1. Main types of monopoly agreements

2. Exemption from monopoly agreements

(1) Exemption from horizontal monopoly agreements

(2) Exemption from vertical monopoly agreements

3. The key to activating the anti-monopoly exemption clause

(1) Clarify the requirements for the application of exemption clauses

(2) Further improve the mechanism for exemption from liability

Article 20 of the Anti-Monopoly Law establishes an exemption system for monopoly agreements, and as an important part of the Anti-Monopoly Law, this provision has a far-reaching impact on the realization of the legislative purpose of the Anti-Monopoly Law. It not only helps to stabilize the reasonable expectations of business operators and clarify the legitimacy of business behaviors, but also further promotes the optimization of the business environment. The antitrust exemption allows conduct in specific fields or situations to exclude the illegality and liability of the antitrust law, and its core is to evaluate the competitive effect of monopolistic behavior. Exemptions may be granted if the positive effects significantly outweigh the negative impacts, and there is evidence that the undertaking entered into an agreement that does not materially restrict competition in the relevant market and can share the competitive benefits of the act with consumers. However, in practice, due to the overly principled provisions of this exemption clause, there are still deficiencies such as unclear identification criteria, unclear application conditions, and vague application procedures, which make this provision fail to be well implemented in practice and weaken its due value.
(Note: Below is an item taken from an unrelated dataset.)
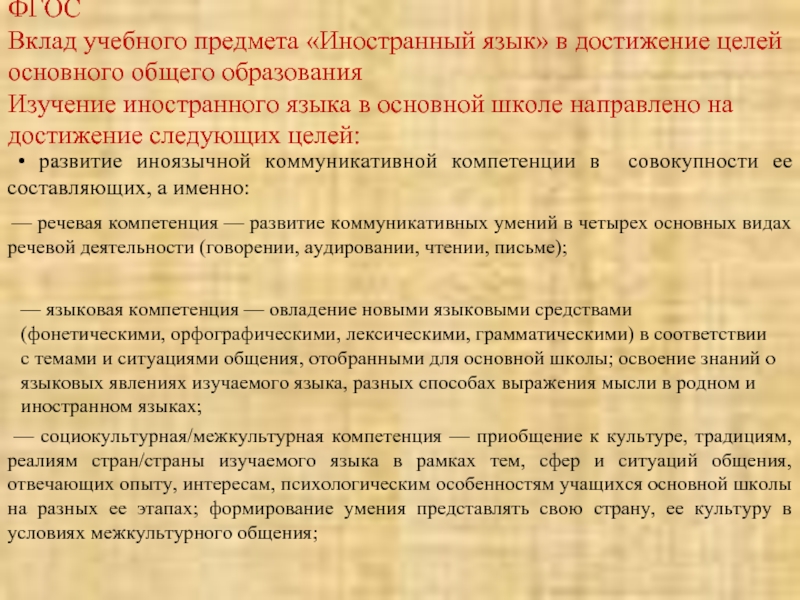 — социокультурная/межкультурная компетенция — приобщение к культуре, традициям, реалиям стран/страны изучаемого языка в рамках тем, сфер и ситуаций общения, отвечающих опыту, интересам, психологическим особенностям учащихся основной школы на разных ее этапах; формирование умения представлять свою страну, ее культуру в условиях межкультурного общения;

1. Main types of monopoly agreements

Monopoly agreements are one of the monopolistic behaviors expressly prohibited by the anti-monopoly laws of various countries, and the legal regulation of monopoly agreements is one of the three pillars of the substantive system of anti-monopoly laws. A monopoly agreement, also known as an exclusive agreement or an exclusive agreement, refers to a monopolistic act that is jointly implemented by multiple independent business operators through agreements, decisions or concerted acts to eliminate or restrict competition.

According to the current Anti-Monopoly Law of the People's Republic of China, there are mainly the following types of monopoly agreements: horizontal monopoly agreements, vertical monopoly agreements, and acts of "organizing or helping" other business operators to enter into monopoly agreements.

The first is horizontal monopoly agreement, also known as cartel behavior, which involves an agreement, decision or concerted act reached by a business operator with a competitive relationship in the same industry to restrict or eliminate healthy market competition through express or implicit acts, such as actively promoting, directly expressing intent, and conforming to market trading rules and customs. Its market effect is mainly through the formation of market intervention forces through means such as fixing prices, limiting quantities, and segmenting the market.

The second type is vertical monopoly agreement, also known as vertical agreement or vertical restriction agreement, which refers to two or more business operators in the same industry who are in different links of the upstream and downstream of the industry and have a buying and selling relationship, and the purpose is to eliminate and restrict competition by agreement, agreement or other means to obtain certain benefits. Among them, the "upstream operator" is the operator of the previous business stage, and the "downstream operator" is the transaction counterparty of the later stage.

The third is to organize or help "other business operators to reach a monopoly agreement, which is theoretically called a hub-and-spoke agreement." It has the characteristics of both horizontal and vertical monopoly agreements. Article 19 of the Anti-Monopoly Law, as amended in 2022, explicitly includes the act of "organizing or assisting" other business operators to enter into monopoly agreements within the scope of anti-monopoly regulations, and such agreements are often referred to as "hub-and-spoke agreements" in theory. However, the concept of hub-and-spoke agreement has not yet been uniformly defined, nor is it explicitly stipulated in mainland law, and is only described in some cases and academic literature.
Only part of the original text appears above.